*Exercise brief*:
Among the lines below, count those with "Madero". Give only the number.

[Stored data — start]

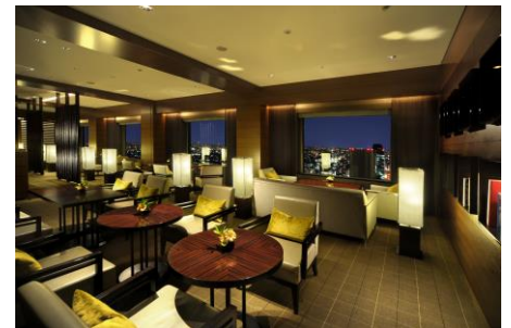
エグゼクティブサロン

「セルリアンフロア」「タワーズフロア」にご宿泊のお客さま専用のサロン。 ブッフスタイルのご朝食からティータイム、カクテルタイムなど様々な シーンでご利用いただけます。書籍、雑誌、新聞等のご用意の他に、 ミーティングスペースもご用意。ご滞在中、専任スタッフによるきめ細やかな サービスをご提供いたします。
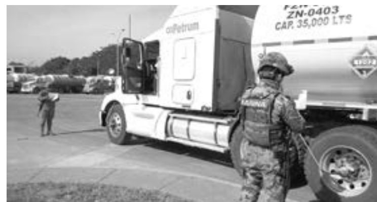
REFORZARÁN VIGILANCIA en instalaciones de Pemex en Ciudad Madero.

Como parte del convenio de colaboración, desde el 2019 personal de la Secretaría de Marina está a cargo de la Terminal de Almacenamiento y Despacho (TAD) de Madero, del área en donde se hace el llenado de los combustibles a las pipas, también tienen presencia en los accesos a la Refinería Francis-
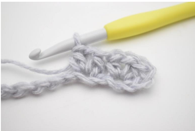
5. Hækl 1 hstm, 1 lm og 1 hstm i næste lm.
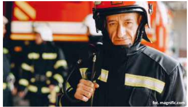
Rada Gminy Leśniowice uchwaliła nowe, wyższe stawki ekwiwalentu pieniężnego, jakie przysługują ochotnikom za ich służbę i różne rodzaje prac.

- To oni często jako pierwsi docierają na miejsce pożaru czy
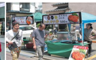
まちバル・グルメイベント
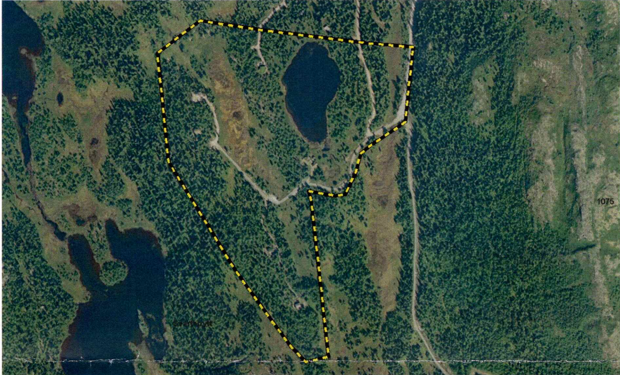
Ortofoto fra planområdet

I områder med størst potensial for forhistorisk aktivitet, ble det stukket systematisk med spade og sonderingsbor for å påvise eventuelle kull- eller kulturlag.
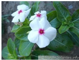
Pervenche de Madagascar
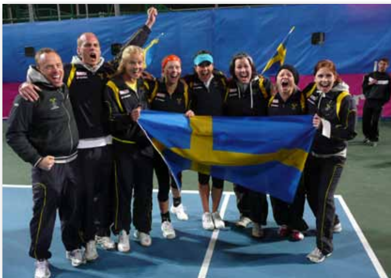
Glädje i Fed Cup-laget efter avancemanget i Israel.
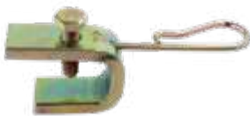
Suporte para extensão flexível compr. 82mm (simples) - fixação na roda a disco
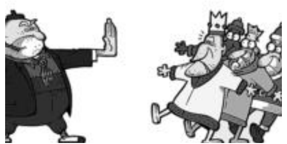
Bai Euskal Herriaririk ekimena babesteko atera duen irudia.

Gogorren hitz egin dutenak Leitzako Derecha Navarra y Española alderdiko kideak izan dira. Erabakia bertan behera ez baldin bada gelditzen, DNEko kideek, erregez jantzi eta herri guztietan aurkezteko asmoa azaldu dute.
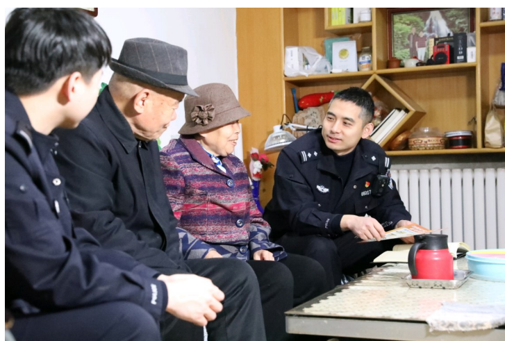
12月8日,未央公安民警走访辖区老人。

步进行。未央公安立足“五共三排一管理”机制,前期通过社区走访、数据排查,建立起涵盖独居、空巢、高龄老人的“一人一档”帮扶台账,精准标注老人健康状况、居住环境、安全隐患等关键信息,实现“底数清、情况明、需求准”。
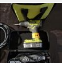
Lot n° 58 DREMEL, Visseuse RYOBI, 2 accus, 1 chargeur Mise à prix : 50€
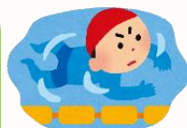
天童スイミングスクール
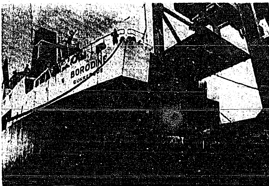
RIGA, Letonia, 30 (UPI).-El buque francés Borodine que llegó aquí con compresores para el gasoducto Euro-Siberiano, empezó a descargar dicho equipo que ha sido motivo de una controversia entre E.E.UU. y Francia.

Puede ser el Camino a un Reencuentro y Reajuste
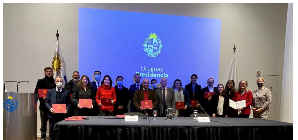
Entrega de diplomas seminario bilateral Baterías como sustitutos de combustibles fósiles y vehículos eléctricos para el Uruguay.
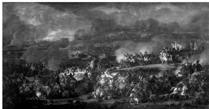
Bitva u Lipska - obraz Vladimíra Moskova z roku 1815.

Dně 1. listopadu , menovitě na den Všech svatých, o 6 hodinách ráno odmaširovaly z Boskovic škadrona šašerů fran-
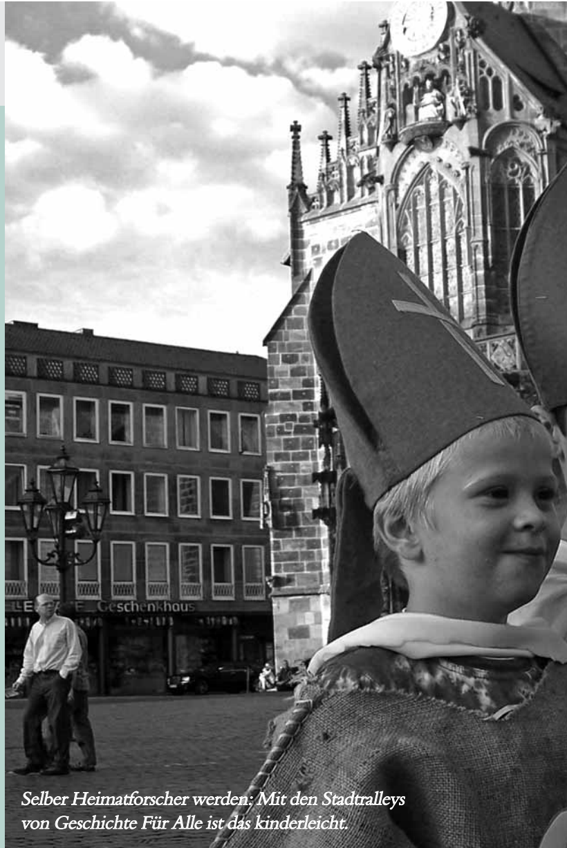
Selber Heimatforscher werden: Mit den Stadtralleys von Geschichte Für Alle ist das kinderleicht.

Kasperek: Ich denke, das wird auf uns verstärkt zukommen. Wir haben auch schon einstündige Rundgänge entwickelt. Der Nachteil ist, dass jeder einzelne keine so große Themenvielfalt mehr bieten kann. Heute früh hatte ein Demenzzrundgang Premiere, den wir für Betroffene und ihre Angehörigen entwickelt haben. Die Hesperidengärten bilden hierbei den geschützten Rahmen, in dem man sehen, fühlen und schmecken kann, und sie lassen genügend Raum für Reaktionen – es kann sich bei einem solchen Rundgang auch alles anders entwickeln als geplant.
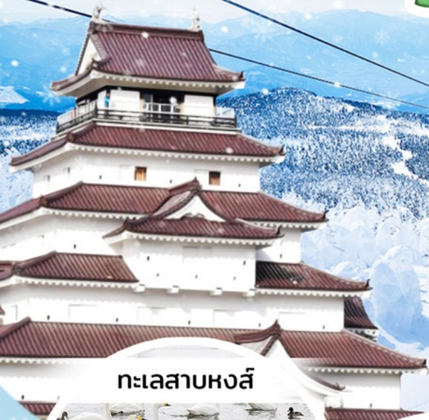
ทะเลสาบหงส์
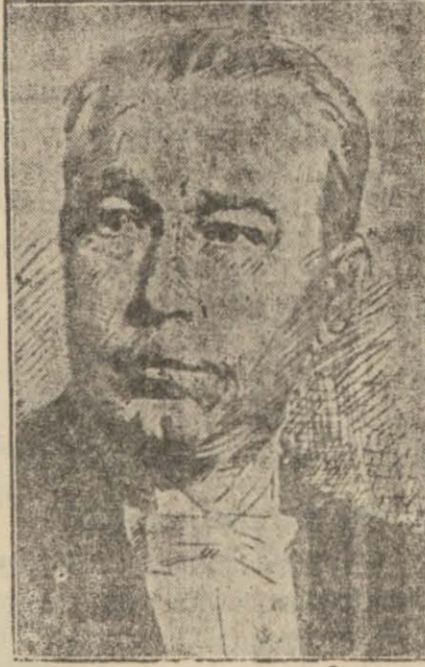
Yeni Adliye Vekilimiz B. FETHİ OKYAR

[Stored data — finish]

*Answer section*:
2